In the process of biosynthesis of the aglycone of chitonoidosides 1, 3, 6, containing an 18(20)-ether bond, the stage of C-18 carboxylation is dropped out, and the intramolecular dehydration of 18,20-hydroxylated precursor leads to the formation of epoxy-cycle (Figure 2).

3. Materials and Methods

3.1. General Experimental Procedures

Specific rotation, PerkinElmer 343 Polarimeter (PerkinElmer, Waltham, MA, USA); NMR, Bruker Avance III 700 Bruker FT-NMR (Bruker BioSpin GmbH, Rheinstetten, Germany) (700.00/176.03 MHz) (1H/13C) spectrometer; ESI MS (positive and negative ion modes), Agilent 6510 Q-TOF apparatus (Agilent Technology, Santa Clara, CA, USA), sample concentration 0.01 mg/mL; HPLC, Agilent 1260 Infinity II with a differential refractometer (Agilent Technology, Santa Clara, CA, USA); columns Supelcosil LC-Si (4.6 × 150 mm, 5 μm) and Ascentis RP-Amide (10 × 250 mm, 5 μm) (Supelco, Bellefonte, PA, USA), Phenomenex Synergi Fusion RP (10 × 250 mm, 5 μm) (Phenomenex, Torrance, CA, USA).

3.2. Animals and Cells

Specimens of the sea cucumber Psolus chitonoides (family Psolidae; order Dendrochirotida) were collected in Bering Sea during the 14th expedition on research vessel “Akademik Oparin” on 24 August 1991, near the northern coast of Bering Island (Commander Islands). Sampling was performed by the Sigsby trawl at the depth 100–150 m. The animals were identified by Alexey V. Smirnov, Zoological Institute Russian Academy of Sciences. Voucher specimens are preserved at Zoological Institute RAS, St. Petersburg, Russia.

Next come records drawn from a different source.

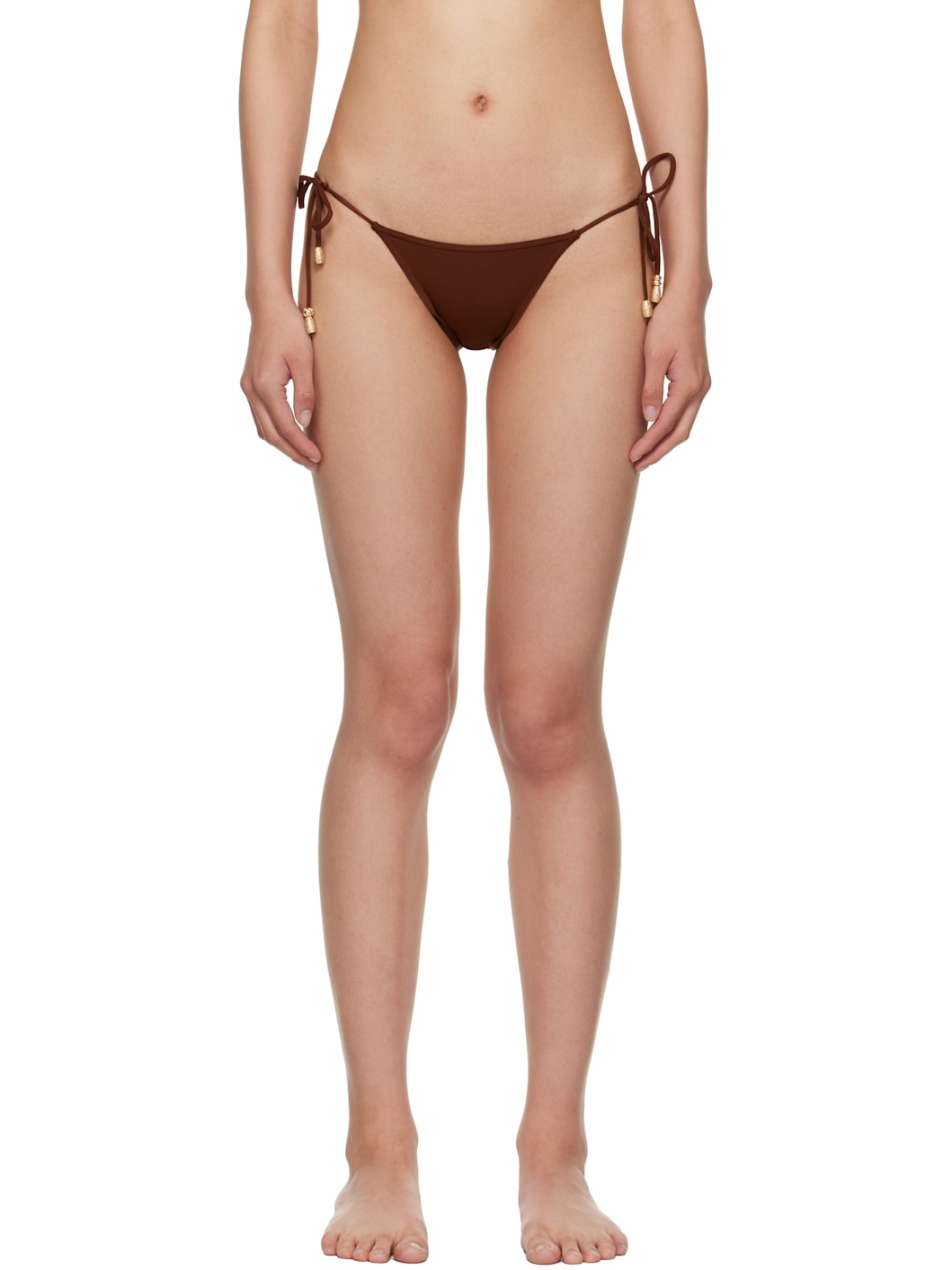 Stretch nylon jersey bikini bottom. · Self-tie fastening with gold-tone hardware at sides · Partially lined · Press-stud travel pouch included Supplier color: Tortue 77% polyamide, 23% elastane. Made in Italy 252780F105008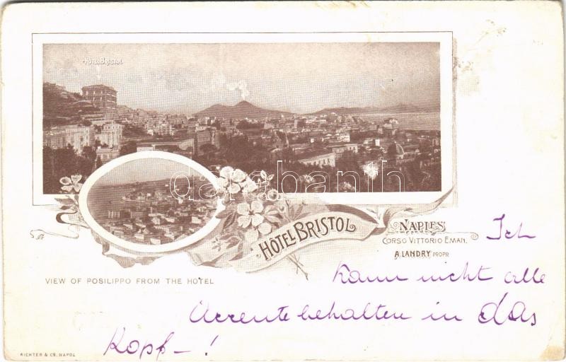 Napoli, Naples; Hotel Bristol, view of Posilippo from the hotel. Art N... https://www.darabanth.com/de/35-Gross-Auktion/35.1/Ansichtskarten/Italien~14748/Napoli-Naples-Hotel-Bristol-view-of-Posilippo-from-the-hotel-Art-Nouveau-floral-EK~II2361727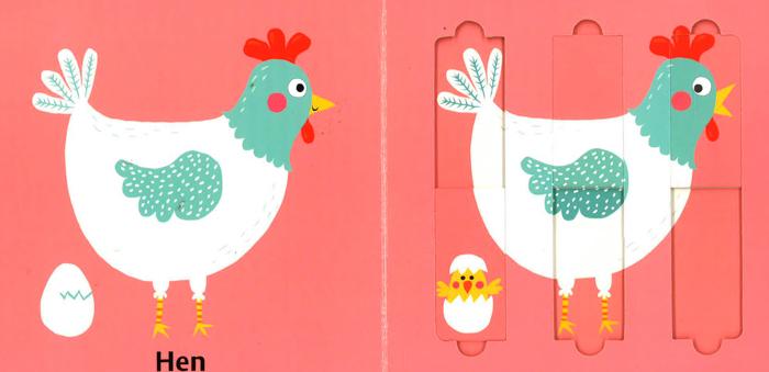 Babies will love looking at the bright pictures in this delightful book and seeing what appears when they move the sliders. The simple and robust sliding panels transform the pictures to reveal a chick hatching, baby goats peeping out of a barn and more, and there are finger trails to follow and animal noises to imitate too. Brilliant for developing essential motor skills and hand-eye coordination, and full of vivid colours, stylish illustrations and friendly animals.
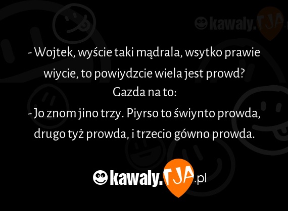 - Wojtek, wyscie taki madrala, wsytko prawie wiycie, to powiydzcie wiela jest prowd? Gazda na to: - Jo znom jino trzy. Piyrso to swiynto prowda, drugo tyz prowda, i trzecio gowno prowda.

CD-1 mice, weighing 18–20 g, were purchased from RAMS ‘Stolbovaya’ vivarium (Stolbovaya, Moscow District, Russia) and kept at the animal facility in standard conditions. All experiments were performed following the protocol for animal study approved by the Ethics Committee of the Pacific Institute of Bioorganic Chemistry No. 0085.19.10.2020. All experiments were conducted in compliance with all of the rules and international recommendations of the European Convention for the Protection of Vertebrate Animals Used for Experimental Studies.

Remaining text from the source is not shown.